A few suspension refinements were made for 1964. The front coil springs were changed from constant-rate to progressive or variable-rate and were more tightly wound at the top, while leaf thickness of the rear transverse spring was also altered thus providing a more comfortable ride with no sacrifice in handling. Shock absorbers were reworked toward the same end. The 1964 Corvette arrived with a new standard shock containing within its fluid reservoir a small bag of Freon gas that absorbed heat. Chevy added more sound insulation and revised body and transmission mounts for the 1964 Corvette. It also fitted additional bushings to quiet the shift linkage and placed a new boot around the lever. The result was a more livable car for everyday transportation.

Drivetrain choices remained basically as before but the high-performance pair received several noteworthy improvements. The solid-lifter unit was massaged with a high-lift, long-duration camshaft to produce 365hp and breathed through a big four-barrel Holley carburetor instead of the base engine's Carter unit. The fuel injected engine also gained 15 horsepower, bringing its total to 375, but at a then-hefty $538.00. Although transmission options remained ostensibly the same for 1964, the two Borg-Warner T-10 four-speeds gave way to a similar pair of gearboxes built at GM's Muncie, Indiana, transmission facility. Originally a Chevy design, it had an aluminum case like the Borg-Warner box but came with stronger synchronizers and wider ratios for better durability and drivability.

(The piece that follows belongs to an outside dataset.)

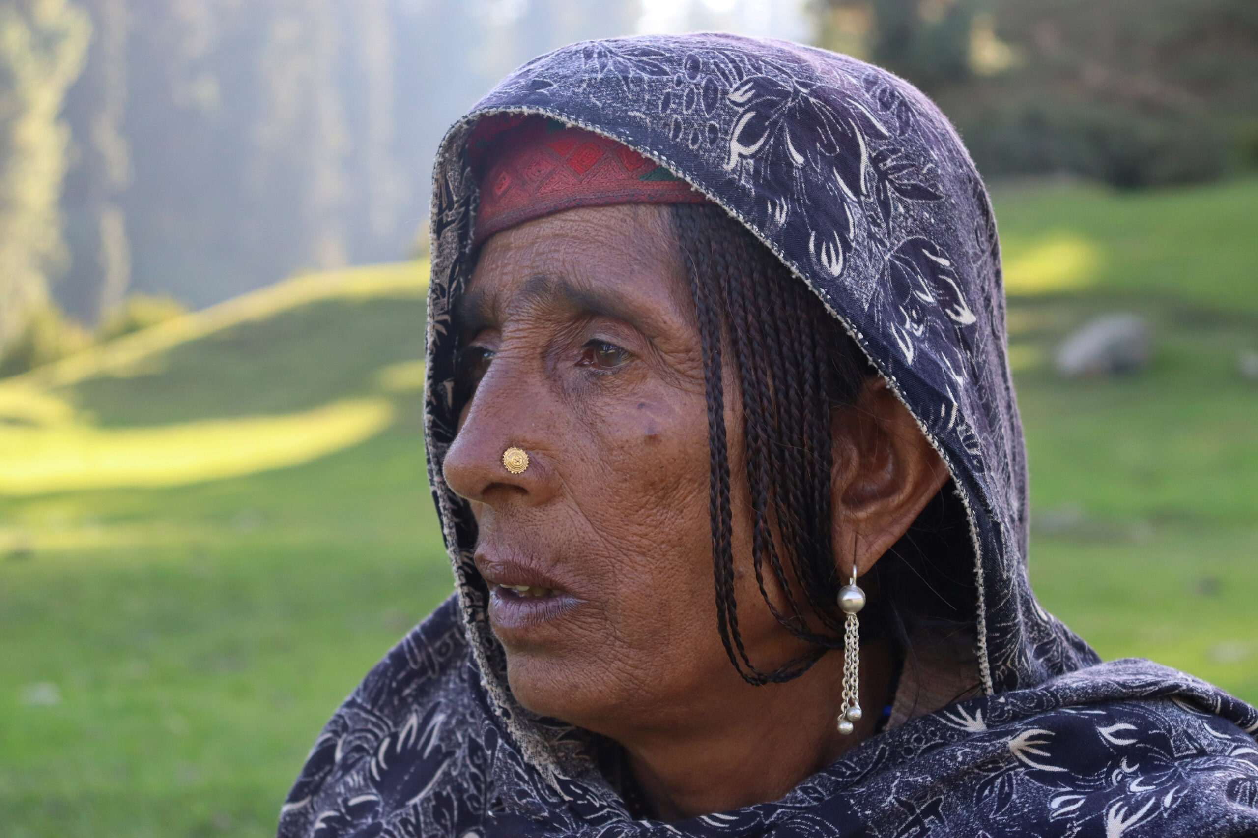 A woman from the Gujjar community, wearing a traditional cap, had her hair styled into small braids and adorned herself with silver ornaments. Photo by Safoora Hilal[/caption]

For its third season, the 1965 Corvette Stingray further cleaned up style-wise and was muscled up with the addition of an all-new braking system and larger powerplants. 1965 styling alterations were subtle, confined to a smoothed-out hood now devoid of scoop indentations, a trio of working vertical exhaust vents in the front fenders that replaced the previous nonfunctional horizontal "speedlines," restyled wheel covers and rocker-panel moldings, and minor interior trim revisions. The 1965 Corvette Stingray became ferocious with the mid-year debut of a big-block V-8, the 425 hp (317 kW) 396 in³ (6.5 L) ("big block") V8. Ultimately, this spelled the end for the Rochester fuel injection system, as the carbureted 396/425 hp option cost $292.70 to the fuel injected 327/375 hp's $538.00. Few buyers could justify $245 more for 50 hp (37 kW) less, even if the FI cars offered optional bigger brakes not available on carburated models. After only 771 fuel injected cars were built in 1965, Chevrolet discontinued the option. It would be 18 years until it returned.

Four-wheel disc brakes were also introduced in 1965. The brakes had a four-piston design with two-piece calipers and cooling fins for the rotors. Pads were in constant contact with the rotors, but the resulting drag was negligible and didn't affect fuel economy. Further, the light touching kept the rotors clean and didn't diminish pad life, which was, in fact, quite high: a projected 57,000 miles for the front brakes and about twice that distance for the rear binders. Total swept area for the new system was 461 square inches, a notable advance on the 328 square inches of the previous all-drum system. Per pending federal regulation, there was also a dual master cylinder with separate fluid reservoirs for the front and rear lines. Road testers rightly applauded the all-disc brakes. A side exhaust system appeared as an option as did a telescopic steering wheel. Also available were alloy spinner rims, at US$322 a set.